The Business Challenge in MedTech MDR Compliance System Architecture
The client had an existing MedTech product that needed to meet the European Medical Device Regulation (MDR) requirements. Four distinct problems blocked that goal.

MDR certification for an existing product.
The product was already in use but had not been developed with MDR compliance in mind from the start. Retrofitting regulatory compliance into an existing system is significantly harder than building it in from day one.

Eliminating human error.
The product dealt with medication management and patient treatment monitoring. Reducing human error in these workflows was both a regulatory expectation and a patient safety imperative.

Documentation gaps for ISO 13485.
The client's existing documentation was not auditable.

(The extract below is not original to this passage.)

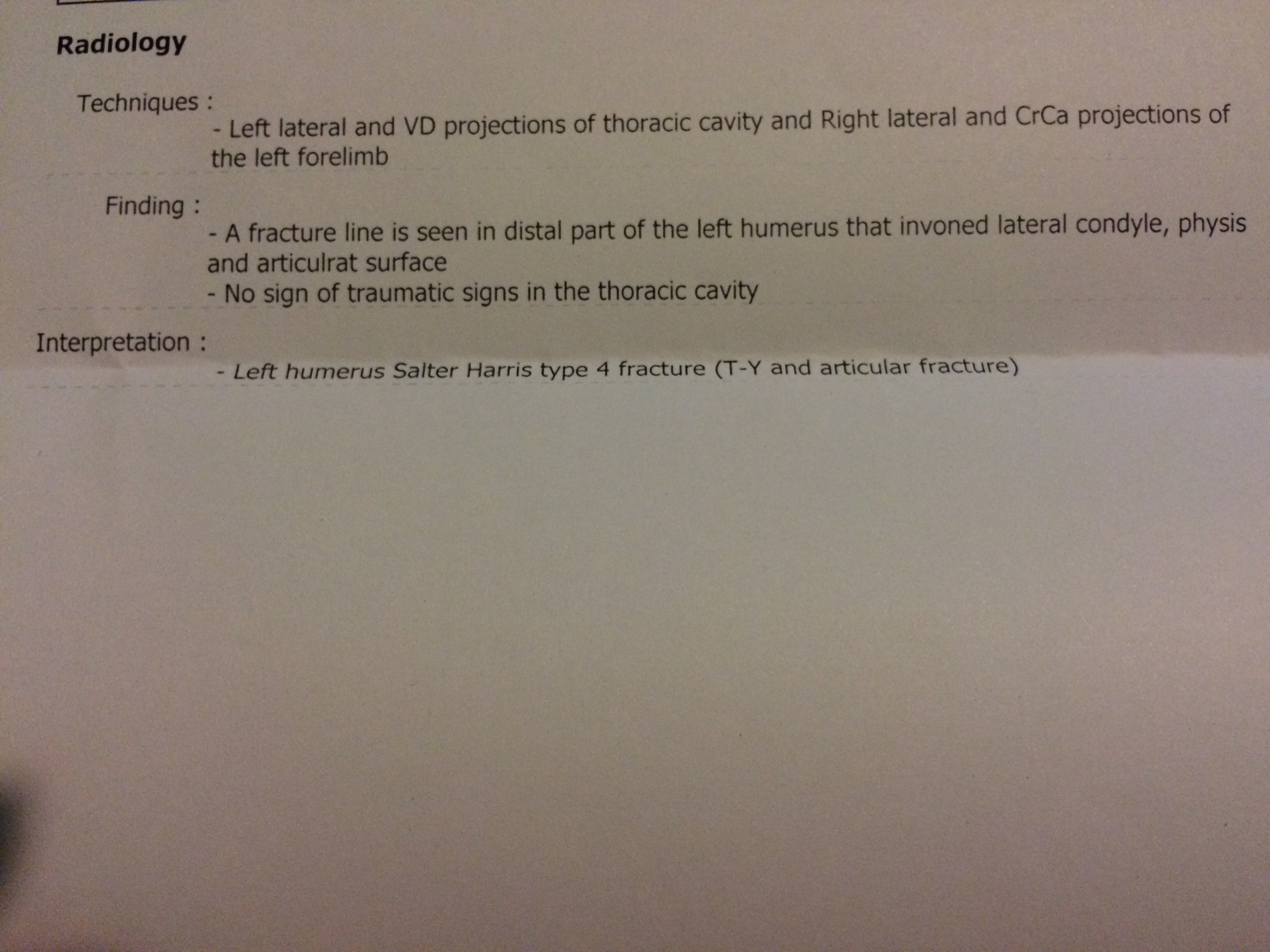 باسلام ضمن عرض خسته نباشيد، گربه دوماه و نيمه م امروز از بالكن به پايين پريده و باتوجه به ارتفاع خيلي زياد دست راستش دچار مشكل شده و نميتونه دستش رو زمين بگذاره و از صبح يكسره خوابيده و بي حاله، گزارش راديولوژيش رو ضميمه ميكنم ميخواستم نظرتون رو بدونم، آيا نياز به جراحي ، گچ گيري يا حتي گذاشتن پلاتين داره يا خير؟ لطفا راهنمايي كنيد( این سوال 10 سال قبل مطرح شد و 10 سال قبل به این سوال پاسخ داده شده است. )

Significant gaps needed to be closed before the system could pass an ISO 13485 audit. Without proper documentation, certification was impossible regardless of how well the software performed.

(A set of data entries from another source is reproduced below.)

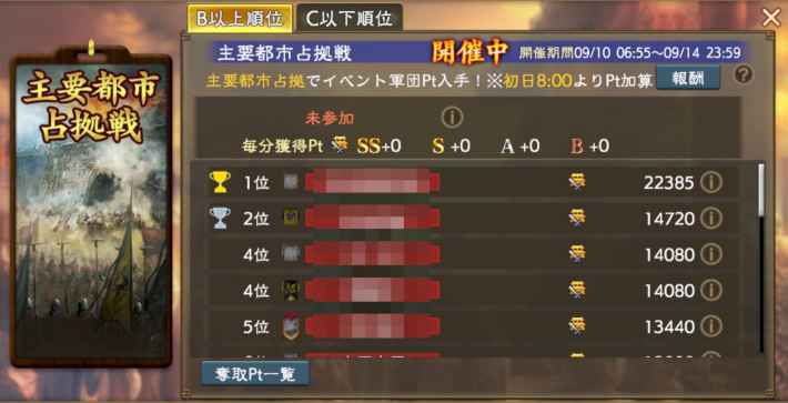 ランキングはBランク以上の都市を占拠している軍団と、Cランク以下の都市を所持している軍団とで分かれている。Bランク以上の都市を所持している場合、C城以下ランキングは0Ptになるので、上位軍団とは別の戦場で競うことができる。
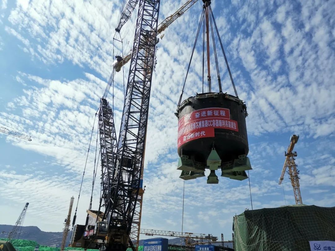 在各單位通力協作下,田灣項目部工程和設備部門默契配合,整個運輸及轉運、吊裝工作安全、高效、順暢推進,8號機組堆芯捕集器容器吊裝就位,為中核工程EPC管理模式再續華章,以工程建設優異成績獻禮黨的二十大。
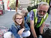 Gartner Erling Riis er en god pedagog for barna, og veileder Sarah fra femteklasse. Sarahs fadderbarn Thale er med som en slags lærling, og får holde spaden så lenge. Foto: Anders Høilund
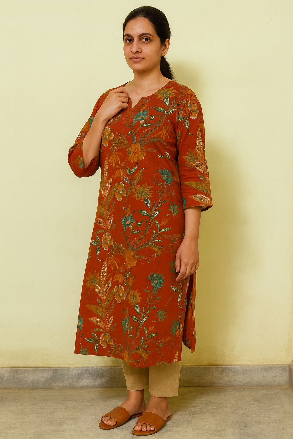 Women’s Rust Orange Cotton Kurti – Floral Printed Straight Fit with Notch Neck and 3/4th Sleeves
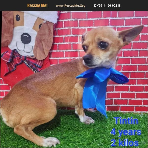 Little TinTin is joining TRACS after a great adventure. He is a Tijuana, Mexico, dog who was rescued by a nice lady who got him up to the US and sent him on to us for his new home. He is a 4 year old chihuahua boy who is a teeny little guy of 5 pounds and will fit in your purse. He is neutered and vaccinated, has had a dental done, and will come with a microchip too. He is very people friendly and dog friendly, having been raised on the streets of Mexico and needing to have lots of friends. This guy is ready to go to a new home that can teach him to speak dog English. His adoption fee helps cover his medical expense and his long trip up here from Mexico. He can be adopted for $450. If interested, please fill out an application from our website. He will be here on the 7th of December and ready to go on the 8th.

Unclear component specifications.
The client's own team needed clearer, more tangible requirements to understand what each component of the system was supposed to do. Without that clarity, development decisions were being made on assumptions rather than verified specifications.
The Technical Solution: 5 Proven MedTech MDR Compliance System Architecture Strategies
Avel Technologies engaged a dedicated team of 5 engineers over 12 months, working on a time-and-material basis to deliver the architecture, requirements, and documentation needed for certification.

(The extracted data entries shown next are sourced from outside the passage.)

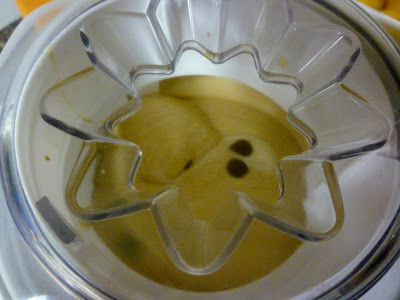 Ready.. steady.. freeze! I didn't really time any of this, but kept an eye on it.. The ice cream will get very full and nearly overflow. When that happens, stop the machine. I scooped everything out with a large silicon spoon and put it in some tupperware to freeze. It'll be runny, but with a few hours or a good overnight freeze, the consistency should be just right!
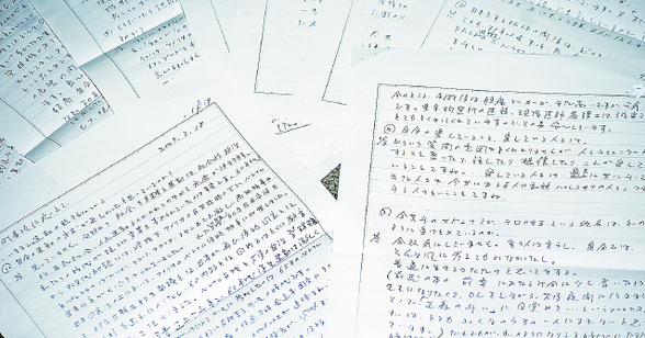 시게노부 후사코가 보내온 9장 짜리 서면 인터뷰 답변지. 그는 구치소 면회실에서 이뤄진 10분간의 인터뷰에서 다하지 못한 말을 서면 인터뷰에서 자세히 풀어놨다.
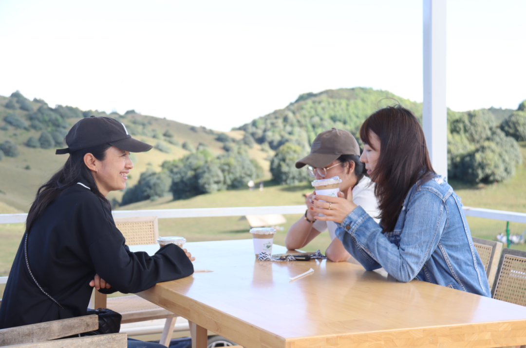 午后是最惬意的时光。旅居者们散落在咖啡厅的各个角落:露台上,有人在静静欣赏秋日美景;草甸间,人们迎着秋风舒展身体;木质长廊里,几个年轻人正在策划下一站的旅居计划。这里既是驿站,也是家园,让每个过客都找到归属。
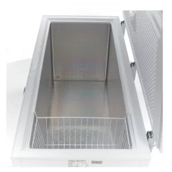 Le corps métallique de ce congélateur coffre est recouvert d'un revêtement blanc. Le couvercle est doté d'un joint antibactérien qui vous permet de conserver vos produits de manière hygiénique. Grâce au thermostat numérique facile à lire, vous pouvez régler la température entre -14 et -24⁰C. Le congélateur peut être utilisé à une température ambiante comprise entre 3 et 38⁰C. L'intérieur du congélateur est équipé d'une sortie d'humidité et le système de refroidissement avec ventilateur utilise le réfrigérant R290, qui ne contient pas de CFC.
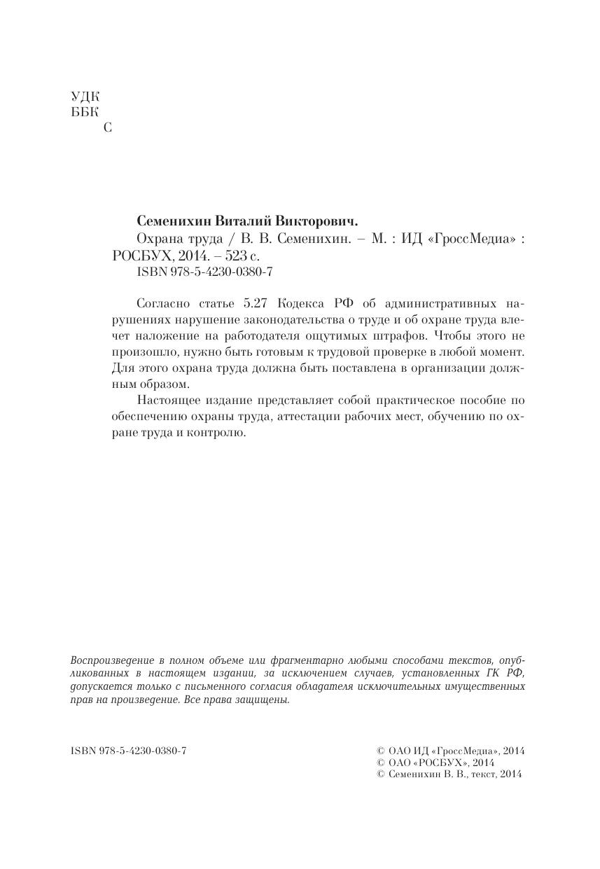 Согласно статье 5.27 Кодекса РФ об административных нарушениях нарушение законодательства о труде и об охране труда влечет наложение на работодателя ощутимых штрафов. Чтобы этого не произошло, нужно быть готовым к трудовой проверке в любой момент. Для этого охрана труда должна быть поставлена в организации должным образом. Настоящее издание представляет собой практическое пособие по обеспечению охраны труда, аттестации рабочих мест, обучению по охране труда и контролю.

1. System Modeling and Architecture
The team designed the complete system architecture for the SaMD product and delivered a detailed Capella System Model for selected functional chains of the Medstation.
This model-based systems engineering (MBSE) approach provided a clear, visual, and auditable representation of how the system works. It made it easier for both engineers and regulators to understand the design intent behind every component.
2. Requirements Engineering
Starting from user needs, the team identified all involved components and determined the correct hardware and software functions for each.
This was not a documentation exercise alone. It was a process of clarifying what the system actually needed to do, component by component, so that every requirement was traceable, testable, and tied to a real user need. This is the core of effective system validation and verification.
3. Risk and Regulatory Documentation
The team created comprehensive FMEA (Failure Mode and Effects Analysis) documentation and Risk Management Reports for all requirements.
This work aligned with ISO 14971 for risk management and IEC 62304 Class C for software lifecycle processes. IEC 62304 Class C is the highest safety classification for medical device software, according to IEC standards published by the International Electrotechnical Commission.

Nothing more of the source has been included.